Let’s start by recognising why it’s important. Us humans have a wide range of emotions that can be triggered by various things, including both internal and external factors. When we feel negative emotions, our tendency is often to hide them. To push them away.
We do this for a number of reasons. To shield others from knowing how we feel, hoping if we ignore it it’ll go away, or sometimes because they feel too big and difficult to face. Hiding from our feelings can seem like an easier option all round.
And for a time, it might be. If we continue to do this though, the feelings fester. They turn into something corrosive and eat away at us. We might become resentful, bitter and notice our mental health taking a tumble.
When we feel our feelings, we bring them out into the light. We let them breathe. We process them, turn them into something else and release them.
So how exactly do we do this? We’re all different and you may find your own unique way of feeling your feelings, but here are some steps I think are worth considering.
Name your feeling
Acknowledging and naming your feeling is a key first step. I would recommend not stopping at the first name that comes to mind either, dig a little deeper - our feelings can be complex. For example, I said I was angry today and I am. But when I look closer at this feeling I realise I’m also frustrated and, at my very core, I’m scared.
You might find it helpful to create a spider diagram with your feeling in the centre. Use word association to come up with other feelings around this and then circle all of the ones you resonate with right now.
Question where it came from
Once you’ve identified your feeling(s), think about where it came from. This might be easier in some cases than others. The root of my anger, frustration and fear today is pretty clear. I’m angry at the government’s decision to put calorie content labelling on menus at restaurants, cafes and take-away outlets. I’m frustrated that they’re not listening to experts telling them how harmful this will be for people affected by eating disorders. And I’m scared about the impact this could have on my mindset, despite being 15 years into my own recovery.

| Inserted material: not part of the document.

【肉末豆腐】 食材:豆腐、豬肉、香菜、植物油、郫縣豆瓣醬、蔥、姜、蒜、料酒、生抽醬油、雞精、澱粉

The root of your feelings may not be so obvious. Find a way to examine it, whether it’s through journaling, talking it out with someone or creating something. Recognise that you deserve the space and time it takes to do this. This is self-care.
Process it in a way that feels good to you
Processing our feelings will look different for everyone. The work you’ve done up until now will lay great foundations - you know how you feel and why you feel it. Now’s the time to turn it into something else. This can take time and it’s important to know there’s no rush. If you’re experiencing grief for example, processing your feelings will be a journey.

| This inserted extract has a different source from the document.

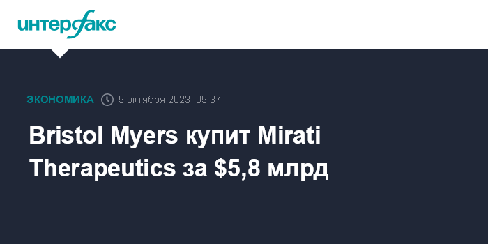 Москва. 9 октября. INTERFAX.RU - Американская фармацевтическая компания Bristol Myers Squibb покупает разработчика препаратов для лечения онкологических заболеваний Mirati Therapeutics, сумма сделки составит $5,8 млрд.

Things that can help here include talking it out with loved ones, writing about your feelings, making art, meditating, crying and even taking action. I’ve talked about my anger online, I’ve written about it in my journal and I’ve taken action by writing a letter to my MP. I’m also using the anger to fuel my passion for the work I do. These feelings are making me more driven than ever to help people build their sense of worth.
Get further help if you need it
We can’t always feel our feelings alone. Sometimes they consume us and we’re trapped in the dark. In these cases we need a helping hand to guide us out into the light. This is where I think counselling comes into play. Within a counselling session you can process your feelings safely and find a way to cope with them, manage them and even turn them into something positive.
How good are you at feeling your feelings? I certainly still have moments where I push things away, usually using my favourite numbing tool of choice - scrolling social media. But with several core self-care habits in place (mainly meditation and journaling) I feel like I’m getting better at holding space for myself.